Redirecting Input and Output

Most shell utilities write their output to the screen. However, under GNO/ME, like ORCA, it is possible to redirect that output to a file or a GS/OS device. The output of the ls command above was imported into this manual by redirecting it to a file. In addition to redirecting the output of a shell utility, it is also possible to redirect the input of that utility.

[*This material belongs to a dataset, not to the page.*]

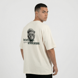 Mucho más que una camiseta oversize marfil: es la manifestación de tu carácter. Diseñada para el líder que forja su propio camino, con la convicción como única guía. Siente la libertad de su silueta y la resonancia de un mensaje que te define.

Consider the following gsh session:

[1]% echo this is a test
this is a test
[2]% echo this is a test > file1
[3]% cat file1
this is a test
[4]% cat < file1
this is a test

In the example above, cat takes input from "standard input". In command 3 above, cat takes as an argument the filename file1 and writes the contents of that file to "standard output". Where no filename argument is given, cat reads input from standard input and writes the output to standard output.

In the case of command 4 above, cat contains no arguments and therefore reads from standard input. However, gsh interprets the "<" redirection operator and opens the file file1 for use as standard input. Therefore, cat will take its input from file1, even though it thinks it is reading input from standard input. This input redirection is transparent to the utility, making it work with most shell utilities.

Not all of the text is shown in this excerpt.